#4477 CA-less installation fails when the CA cert has an empty subject
Closed: Fixed None Opened 5 years ago by pviktori.

My testing CA has an empty subject. When used in a CA-less installation, IPA fails to add it to LDAP. Most likely a regression in #3259.

This should be either allowed, or rejected early with a better error message.

 ...
  [39/39]: configuring directory to start on boot
Done configuring directory server (dirsrv).
Configuring directory server (dirsrv): Estimated time 10 seconds
  [1/3]: configuring ssl for ds instance
  [2/3]: restarting directory server
  [3/3]: adding CA certificate entry
Unexpected error - see /var/log/ipaserver-install.log for details:
InvalidSyntax: ipaCertSubject: value #0 invalid per syntax: Invalid syntax.

Fro debugging I added a log call with the entry being added, here's the output along with the exception:

2014-08-07T12:05:18Z DEBUG CA cert entry: LDAPEntry(ipapython.dn.DN('cn=CA 1,cn=certificates,cn=ipa,cn=etc,dc=idm,dc=lab,dc=eng,dc=brq,dc=redhat,dc=com'), {u'ipaKeyExtUsage': ['1.3.6.1.5.5.7.3.1'], u'cn': ['CA 1'], u'objectClass': ['ipaCertificate', 'pkiCA', 'ipaKeyPolicy'], u'ipaCertIssuerSerial': [';1'], u'ipaPublicKey': ['0\x81\x9f...\x02\x03\x01\x00\x01'], u'cACertificate;binary': ["0\x82\x01\xea0...\x8c\x89"], u'ipaKeyTrust': ['trusted'], u'ipaCertSubject': [''], u'ipaConfigString': ['compatCA']})
2014-08-07T12:05:18Z DEBUG   File "/usr/lib/python2.7/site-packages/ipaserver/install/installutils.py", line 640, in run_script
    return_value = main_function()

  File "/sbin/ipa-server-install", line 1117, in main
    ds.enable_ssl()

  File "/usr/lib/python2.7/site-packages/ipaserver/install/dsinstance.py", line 353, in enable_ssl
    self.start_creation(runtime=10)

  File "/usr/lib/python2.7/site-packages/ipaserver/install/service.py", line 382, in start_creation
    method()

  File "/usr/lib/python2.7/site-packages/ipaserver/install/dsinstance.py", line 716, in __upload_ca_cert
    config_compat=self.master_fqdn is None)

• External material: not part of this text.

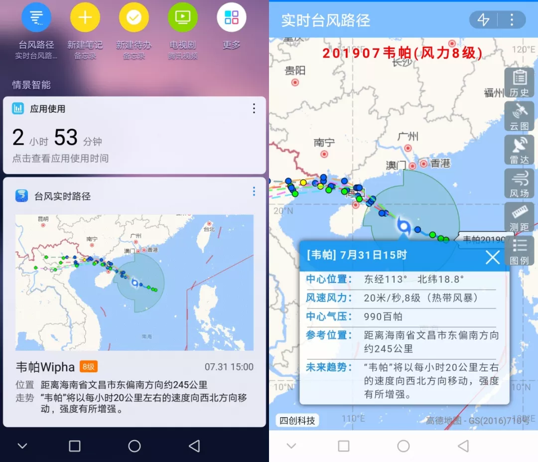 get華為手機臺風路徑服務直達!

  File "/usr/lib/python2.7/site-packages/ipalib/certstore.py", line 384, in put_ca_cert_nss
    config_ipa, config_compat)

  File "/usr/lib/python2.7/site-packages/ipalib/certstore.py", line 240, in put_ca_cert
    config_ipa=config_ipa, config_compat=config_compat)

  File "/usr/lib/python2.7/site-packages/ipalib/certstore.py", line 155, in add_ca_cert
    ldap.add_entry(entry)

  File "/usr/lib/python2.7/site-packages/ipapython/ipaldap.py", line 1586, in add_entry
    self.conn.add_s(entry.dn, attrs.items())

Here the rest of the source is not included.